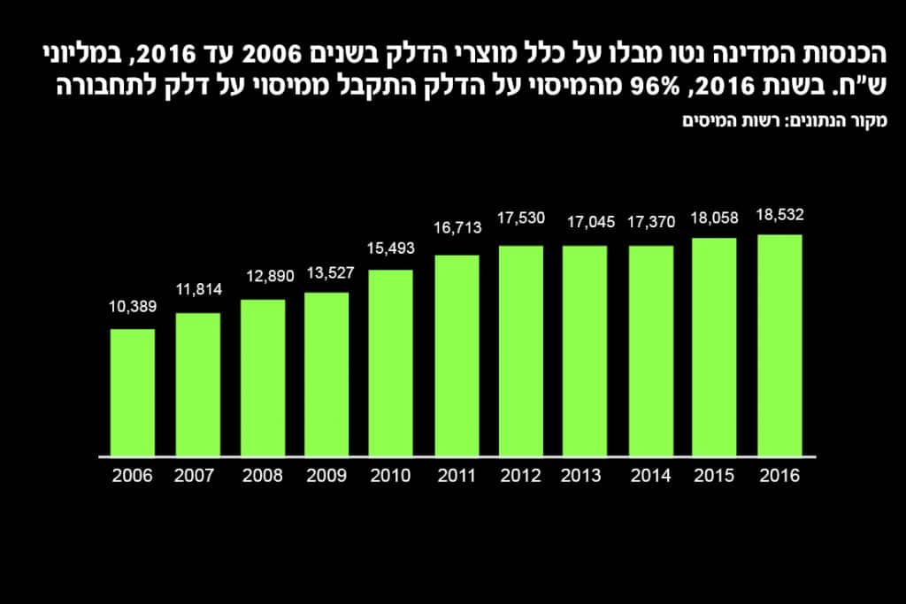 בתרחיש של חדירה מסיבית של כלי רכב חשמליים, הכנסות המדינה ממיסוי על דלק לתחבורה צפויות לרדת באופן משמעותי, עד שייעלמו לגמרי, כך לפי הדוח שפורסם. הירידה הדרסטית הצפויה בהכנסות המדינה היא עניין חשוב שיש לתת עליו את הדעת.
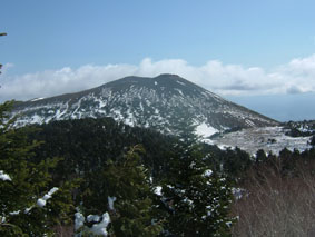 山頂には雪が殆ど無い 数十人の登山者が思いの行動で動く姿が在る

==

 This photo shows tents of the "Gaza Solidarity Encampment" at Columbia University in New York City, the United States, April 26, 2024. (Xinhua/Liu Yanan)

--

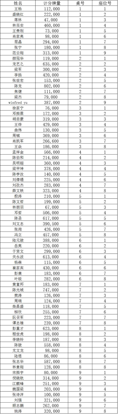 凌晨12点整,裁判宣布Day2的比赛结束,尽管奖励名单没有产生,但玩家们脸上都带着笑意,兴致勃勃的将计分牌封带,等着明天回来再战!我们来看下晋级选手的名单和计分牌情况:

Problem details:
Starting at the line above that has "בתרחיש של חדירה" and ending at the line that has "山頂には雪が殆ど無い 数十人の登山者が思いの行動で動く姿が在る", copy each line exactly, leaving the pictures out and adding nothing.

Task output:
 בתרחיש של חדירה מסיבית של כלי רכב חשמליים, הכנסות המדינה ממיסוי על דלק לתחבורה צפויות לרדת באופן משמעותי, עד שייעלמו לגמרי, כך לפי הדוח שפורסם. הירידה הדרסטית הצפויה בהכנסות המדינה היא עניין חשוב שיש לתת עליו את הדעת.
 山頂には雪が殆ど無い 数十人の登山者が思いの行動で動く姿が在る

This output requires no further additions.